**To do**. Pictures aside, quote the whole listing exactly.

──────── Supplied material

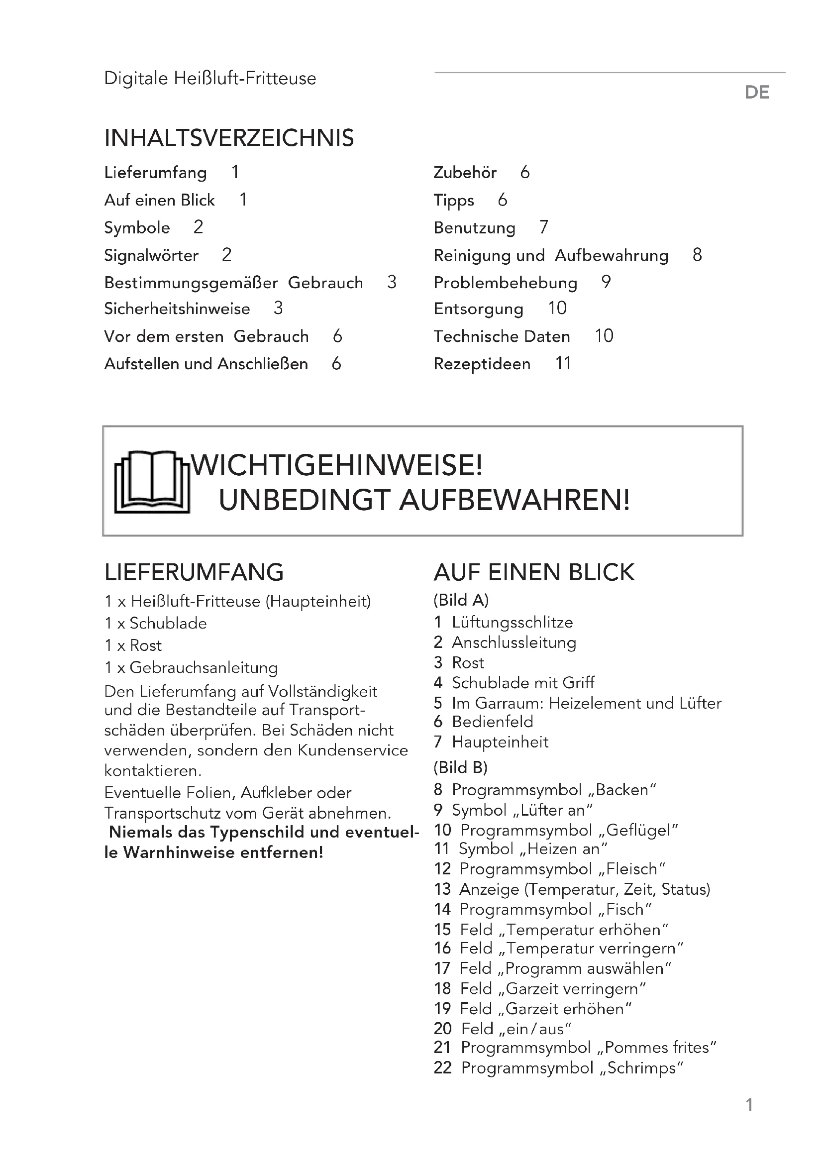 INHALTSVERZEICHNIS Lieferumfang 1 Auf einen Blick 1 Symbole 2 Signalwörter 2 Bestimmungsgemäßer Gebrauch 3 Sicherheitshinweise 3 Vor dem ersten Gebrauch 6 Aufstellen und Anschließen 6 Zubehör 6 Tipps 6 Benutzung 7 Reinigung und Aufbewahrung 8 Problembehebung 9 Entsorgung 10 Technische Daten 10 Rezeptideen 11 LIEFERUMFANG 1 x Heißluft-Fritteuse (Haupteinheit) 1 x Schublade 1 x Rost 1 x Gebrauchsanleitung Den Lieferumfang auf Vollständigkeit und die Bestandteile auf Transport- schäden überprüfen. Bei Schäden nicht verwenden, sondern den Kundenservice kontaktieren. Eventuelle Folien, Aufkleber oder Transportschutz vom Gerät abnehmen. Niemals das Typenschild und eventuel- le Warnhinweise entfernen!
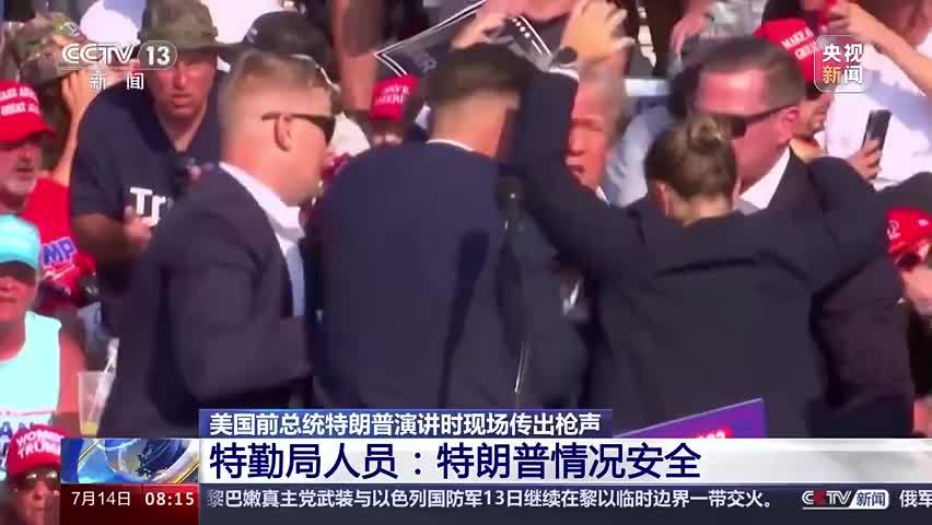 直播画面显示,特朗普右耳及面部有血迹。美国特勤局人员向媒体证实,特朗普情况安全。
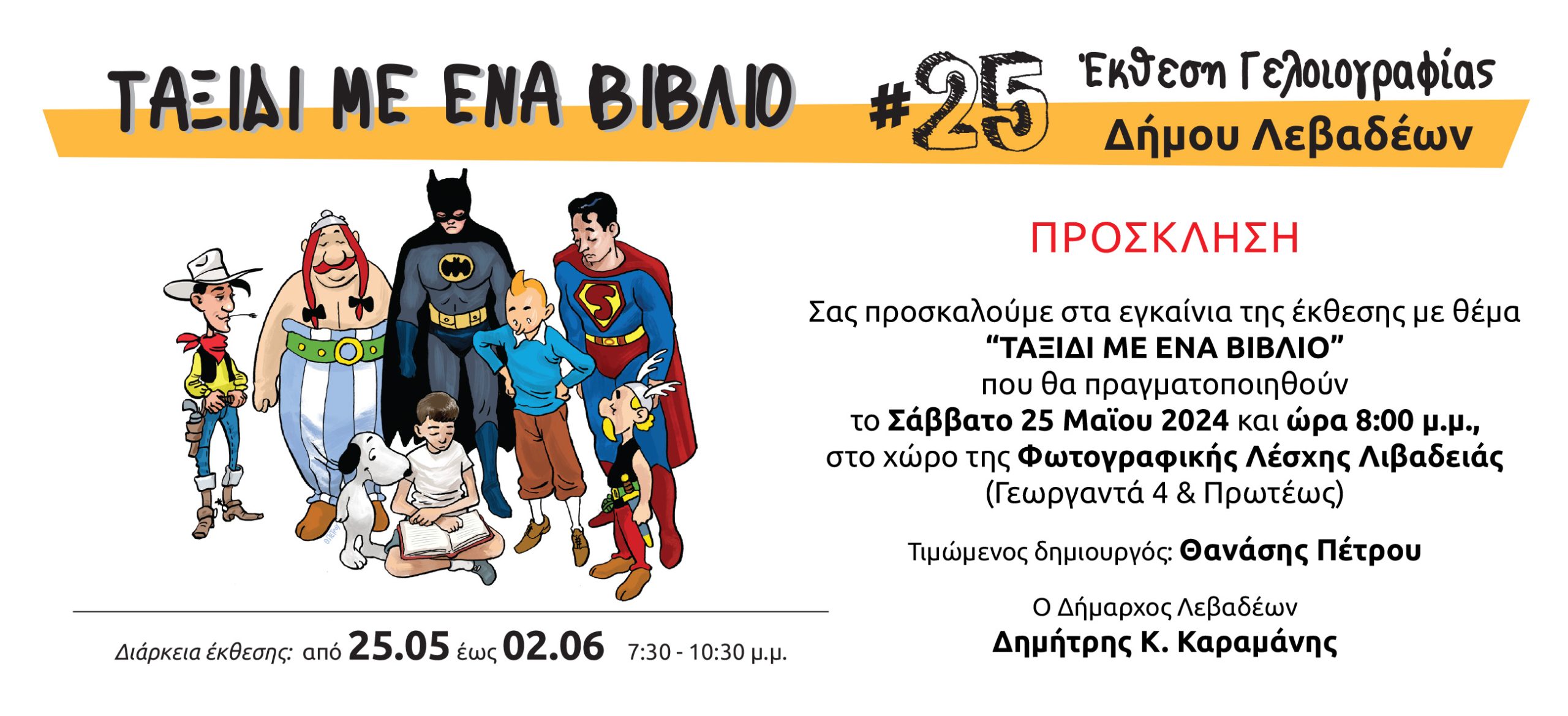 Ε͟κ͟δ͟η͟λ͟ώ͟σ͟ε͟ι͟ς͟ 25η Έκθεση Γελοιογραφίας Δήμου Λεβαδέων admin 22 Μαΐου, 2024 Tags: 25η Έκθεση Γελοιογραφίας Δήμου Λεβαδέων Δήμος Λεβαδέων Λιβαδειά Post navigation Previous Πρόσκληση σύγκλησης Δημοτικού ΣυμβουλίουNext Ευχαριστίες Δημάρχου Λεβαδέων προς κ. Δημήτριο Γεραγά Αφήστε μια απάντηση Ακύρωση απάντησηςΗ ηλ. διεύθυνση σας δεν δημοσιεύεται. Τα υποχρεωτικά πεδία σημειώνονται με *Σχόλιο * Όνομα * Email * Ιστότοπος Αποθήκευσε το όνομά μου, email, και τον ιστότοπο μου σε αυτόν τον πλοηγό για την επόμενη φορά που θα σχολιάσω. Related Stories Δράση πρόληψης και προαγωγής υγείας στη Δωρίδα με τους «Γιατρούς του Κόσμου» Ε͟κ͟δ͟η͟λ͟ώ͟σ͟ε͟ι͟ς͟ Δράση πρόληψης και προαγωγής υγείας στη Δωρίδα με τους «Γιατρούς του Κόσμου» 16 Απριλίου, 2026 Ο Όμιλος Φίλων Θεάτρου Λιβαδειάς ανεβάζει την παράσταση “Εχθροί εξ Αίματος” του Αρκά Ε͟κ͟δ͟η͟λ͟ώ͟σ͟ε͟ι͟ς͟ Ο Όμιλος Φίλων Θεάτρου Λιβαδειάς ανεβάζει την παράσταση “Εχθροί εξ Αίματος” του Αρκά 15 Απριλίου, 2026 Ο Πολιτιστικός Σύλλογος Αρκίτσας ” Ο Κλείδωνας” αναβίωσε το έθιμο της «Ρωμάνας» Ε͟κ͟δ͟η͟λ͟ώ͟σ͟ε͟ι͟ς͟ Ο Πολιτιστικός Σύλλογος Αρκίτσας ” Ο Κλείδωνας” αναβίωσε το έθιμο της «Ρωμάνας» 14 Απριλίου, 2026

────────────────

**Response**.
 INHALTSVERZEICHNIS Lieferumfang 1 Auf einen Blick 1 Symbole 2 Signalwörter 2 Bestimmungsgemäßer Gebrauch 3 Sicherheitshinweise 3 Vor dem ersten Gebrauch 6 Aufstellen und Anschließen 6 Zubehör 6 Tipps 6 Benutzung 7 Reinigung und Aufbewahrung 8 Problembehebung 9 Entsorgung 10 Technische Daten 10 Rezeptideen 11 LIEFERUMFANG 1 x Heißluft-Fritteuse (Haupteinheit) 1 x Schublade 1 x Rost 1 x Gebrauchsanleitung Den Lieferumfang auf Vollständigkeit und die Bestandteile auf Transport- schäden überprüfen. Bei Schäden nicht verwenden, sondern den Kundenservice kontaktieren. Eventuelle Folien, Aufkleber oder Transportschutz vom Gerät abnehmen. Niemals das Typenschild und eventuel- le Warnhinweise entfernen!
 直播画面显示,特朗普右耳及面部有血迹。美国特勤局人员向媒体证实,特朗普情况安全。
 Ε͟κ͟δ͟η͟λ͟ώ͟σ͟ε͟ι͟ς͟ 25η Έκθεση Γελοιογραφίας Δήμου Λεβαδέων admin 22 Μαΐου, 2024 Tags: 25η Έκθεση Γελοιογραφίας Δήμου Λεβαδέων Δήμος Λεβαδέων Λιβαδειά Post navigation Previous Πρόσκληση σύγκλησης Δημοτικού ΣυμβουλίουNext Ευχαριστίες Δημάρχου Λεβαδέων προς κ. Δημήτριο Γεραγά Αφήστε μια απάντηση Ακύρωση απάντησηςΗ ηλ. διεύθυνση σας δεν δημοσιεύεται. Τα υποχρεωτικά πεδία σημειώνονται με *Σχόλιο * Όνομα * Email * Ιστότοπος Αποθήκευσε το όνομά μου, email, και τον ιστότοπο μου σε αυτόν τον πλοηγό για την επόμενη φορά που θα σχολιάσω. Related Stories Δράση πρόληψης και προαγωγής υγείας στη Δωρίδα με τους «Γιατρούς του Κόσμου» Ε͟κ͟δ͟η͟λ͟ώ͟σ͟ε͟ι͟ς͟ Δράση πρόληψης και προαγωγής υγείας στη Δωρίδα με τους «Γιατρούς του Κόσμου» 16 Απριλίου, 2026 Ο Όμιλος Φίλων Θεάτρου Λιβαδειάς ανεβάζει την παράσταση “Εχθροί εξ Αίματος” του Αρκά Ε͟κ͟δ͟η͟λ͟ώ͟σ͟ε͟ι͟ς͟ Ο Όμιλος Φίλων Θεάτρου Λιβαδειάς ανεβάζει την παράσταση “Εχθροί εξ Αίματος” του Αρκά 15 Απριλίου, 2026 Ο Πολιτιστικός Σύλλογος Αρκίτσας ” Ο Κλείδωνας” αναβίωσε το έθιμο της «Ρωμάνας» Ε͟κ͟δ͟η͟λ͟ώ͟σ͟ε͟ι͟ς͟ Ο Πολιτιστικός Σύλλογος Αρκίτσας ” Ο Κλείδωνας” αναβίωσε το έθιμο της «Ρωμάνας» 14 Απριλίου, 2026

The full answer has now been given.